Fiat Chrysler is reportedly just fine even though car sales are declining in the United States.

2019 Ram 1500 Rebel

Fiat Chrysler surprised analysts on Wednesday by maintaining their profit expectations for 2019.

Things in the automotive market aren’t going too well. Lots of car brands are posting losses and revised profit forecasts amid a slowdown in demand for vehicles. Total vehicle sales in the United States were down almost 4% in June, and July isn’t looking any better. Most carmakers are trying to put on a brave face, but regulatory uncertainty, tariffs, and overall softening of demand are putting a damper on most brand’s outlooks.

But not Fiat Chrysler. Once again, the rock star Italian/American carmaker reported strong second-quarter earnings that will help sustain profits throughout the year, led by their particularly strong Ram pickup brand in North America. Although US shipments of new vehicles were down 12% for FCA, increased shipments of Ram pickups and a greater share of the North American pickup market made up for the loss.

CEO Mike Manley also had to deal with the elephant in the room, that being the failed merger between FCA and Renault. Last month, it seemed that Fiat Chrysler would merge with French carmaker Renault to become one of the biggest automotive companies in the world, but things fell through when France and global alliance partner Nissan didn’t provide their blessing to the union.

RELATED: Could The Failed FCA Merger Also Destroy Alliance Between Renault And Nissan?
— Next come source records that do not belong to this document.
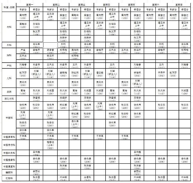 我市多家医院门诊安排信息最新汇总
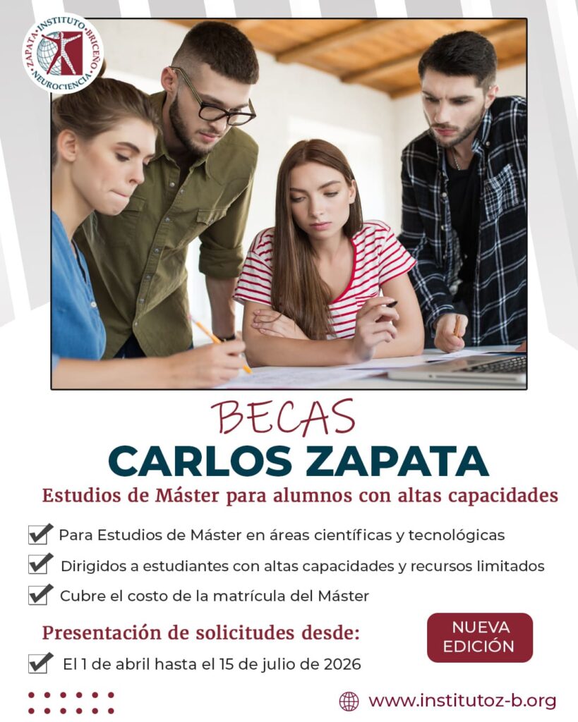 El Instituto Zapata-Briceño de Neurociencia ha anunciado la convocatoria de las Becas Carlos Zapata de Estudios de Máster, una iniciativa destinada a apoyar a estudiantes con altas capacidades intelectuales que deseen continuar su formación académica en programas de posgrado.
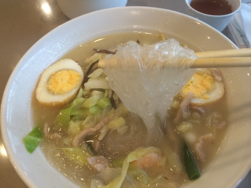 春雨は細く、イカエビ細切りの豚にキャベツキクラゲたけのこが入っていました。
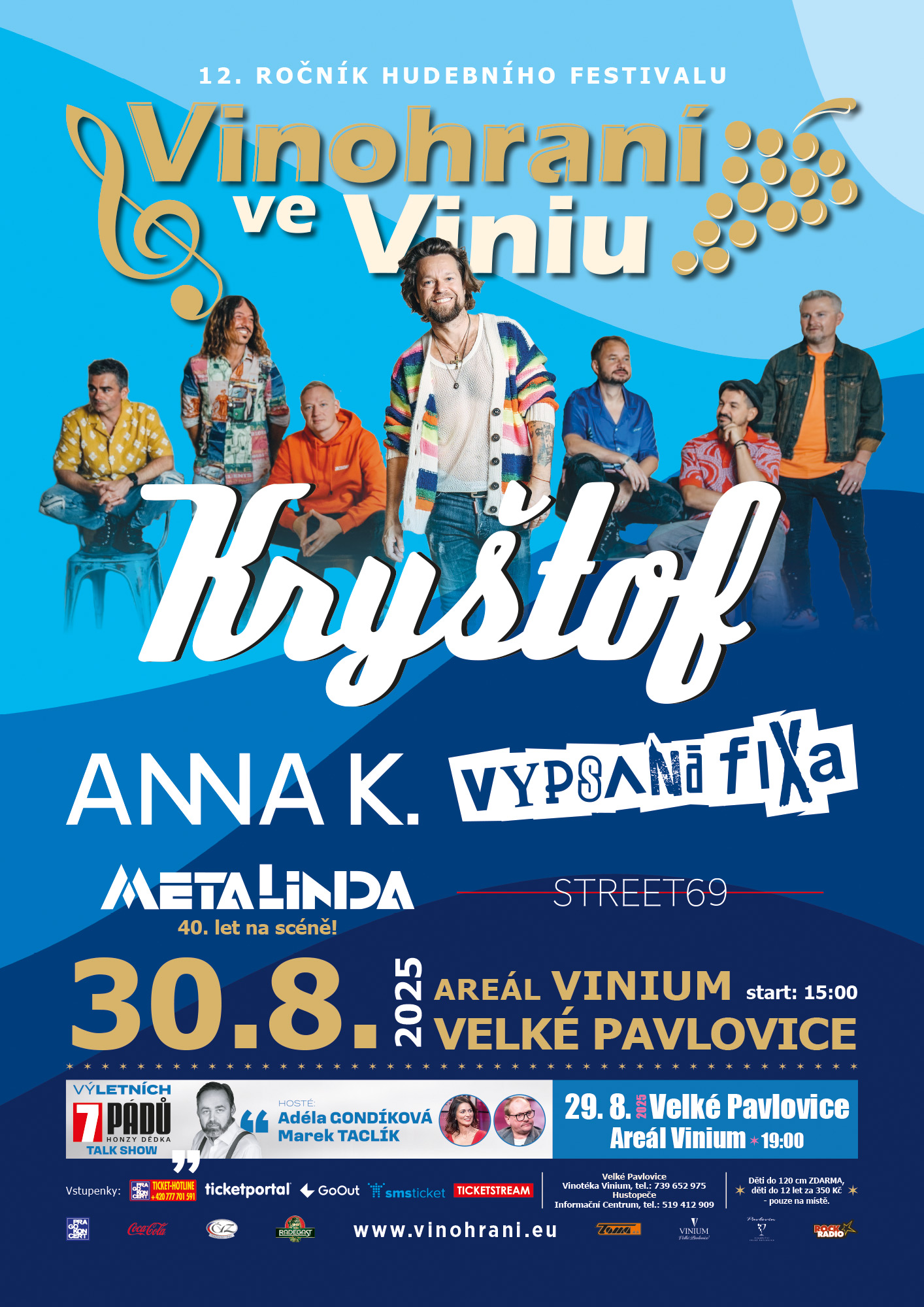 Jako každý rok, festival odstartuje už v pátek, 29. srpna. V areálu Vinium proběhne premiérově talk show "Výletních 7 pádů Honzy Dědka". Hvězdnými hosty budou oblíbení herci Adéla Gondíková a Marek Taclík. Vstupenky na tuto akci lze zakoupit zvlášť za předprodejní cenu 550 Kč.
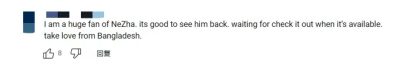 “我是哪吒的超级粉丝,看到他回归真是太好了。等影片上映就去看。来自孟加拉国的爱。”
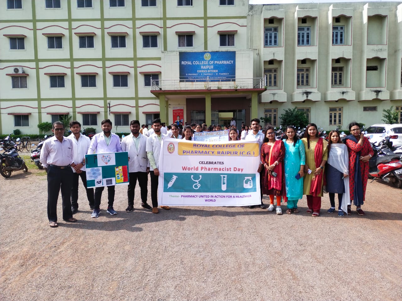 रॉयल कॉलेज ऑफ फार्मेसी, रायपुर में विश्व फार्मासिस्ट दिवस मनाया गया। विश्व स्वास्थ्य संगठन द्वारा इस चौदहवें फार्मासिस्ट दिवस 2022 का विषय “एक स्वस्थ्य विश्व के लिए फार्मेसी समाज एकजुट” रखा गया है। कार्यक्रम के उपलक्ष्य पर इस बार के विषय को ध्यान में रखते हुए, कॉलेज के विद्यार्थियों द्वारा महोबा बाजार क्षेत्र के अंतर्गत कुकुरबेड़ा इलाके में रैली निकाल कर लोगों को स्वास्थ्य के प्रति जागरूक रहने का संदेश दिया गया। इसके साथ ही कॉलेज प्रांगण में पौधारोपण का कार्य प्रिंसिपल डॉ. दीपक कुमार दाश एवं सभी कॉलेज कर्मियों की उपस्थिति में सम्पन्न हुआ

Rather than continue talks, FCA pulled out of negotiations. Manley told analysts during Wednesday’s call that a merger would have been nice but it was by no means necessary for FCA’s survival.

2019 Jeep Wrangler Sahara
via Jeep

"We are open to opportunity," Manley added, leaving the door open to future mergers with other companies. "I have no doubt why there still would be interest in it,” he added.

Fiat Chrysler expects their adjusted earnings before interest and tax to remain at $7.5 billion. Good performance in Latin America, as well as positive profits in Europe, Africa, and the Middle East, helped maintain their forecast, although the brand still struggles in Asia Pacific.

Maserati is still FCA’s most struggling brand, with Manley saying sales were “disappointing,” but no mention of selling the marque was made. Jeep, meanwhile, maintained its momentum thanks to the arrival of the new Gladiator mid-size pickup.